Contudo, o estudo propõe medidas fiscais:
Evitar mais atrasos no projecto de Mozambique LNG: Para minimizar a perda substancial de potenciais receitas públicas causada por atrasos, é crucial reforçar as medidas de segurança e acelerar o desenvolvimento do projecto de Mozambique LNG. Além disso, dada a concorrência regional emergente de países como a Tanzânia no mercado do GNL, existe um sentido de urgência acrescido para que Moçambique avance rapidamente com os seus próprios projectos de gás.
Orçamentação transparente: É imperativo garantir uma maior transparência na repartição das despesas relacionadas com os sectores policial, militar e de segurança, especialmente durante os ciclos eleitorais. Essa transparência é essencial para fomentar a confiança do público e garantir a prestação de contas na governação.
Contribuições financeiras das empresas multinacionais: O governo deve envolver proactivamente as empresas multinacionais do sector extractivo no sentido de contribuírem financeiramente para as medidas de segurança regional. Tendo em conta os seus vastos ganhos potenciais futuros na região, é estrategicamente vantajoso para estas empresas investir no reforço da segurança e estabilidade.
Soluções participativas: O governo deve envolver as comunidades locais nos processos de tomada de decisão que dizem respeito à segurança e ao desenvolvimento. O envolvimento dos residentes nestas importantes conversas pode incutir um sentimento de propriedade sobre os projectos e iniciativas locais. Esta abordagem participativa é susceptível de reduzir as queixas que, de outra forma, poderiam levar a conflitos, promovendo assim um ambiente mais pacífico e de colaboração.

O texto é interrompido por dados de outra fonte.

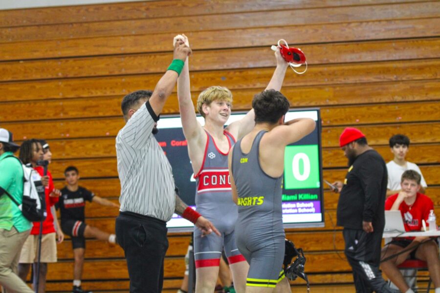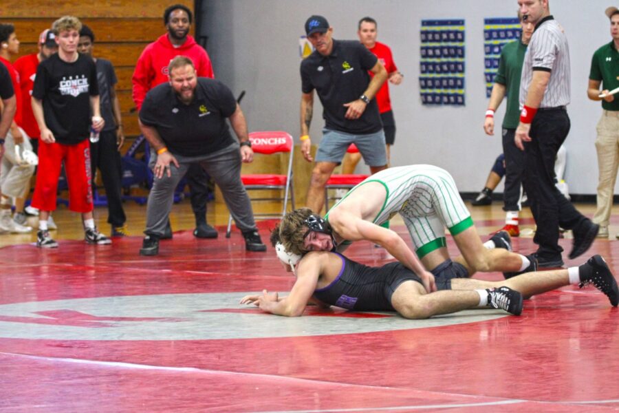 In addition to the team title, the Conchs saw a pair of individuals crowned with district titles. Michael Guzman (165 pounds) defeated two opponents via technical fall, piling on the points on his way to the podium. Allens Alexandre made short work of his final opponent, pinning him in under 30 seconds for district gold.
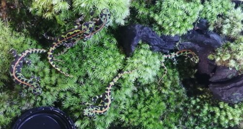 patoさん宅のファイヤーサラマンダー若い個体たちの飼育環境です。ミナミイボイモリの幼体たちも、似たような飼育環境でした。

Criar confiança na população local: Para fomentar a confiança nas comunidades locais, o governo deve recorrer às práticas de governação transparentes, envolver-se na participação significativa da comunidade e realizar reuniões e consultas públicas. Estas acções criarão um diálogo aberto e permitirão uma maior responsabilização, criando assim uma relação de maior confiança entre as autoridades e os membros da comunidade.
Evitar a má conduta e o abuso de poder: Para travar as violações dos direitos humanos e a corrupção no seio das forças militares, policiais e de segurança, é imperativo implementar mecanismos de supervisão sólidos. Estes mecanismos devem incluir auditorias regulares, relatórios transparentes e avaliações independentes para garantir que estas forças estejam a operar dentro dos limites da lei e a respeitem os padrões éticos.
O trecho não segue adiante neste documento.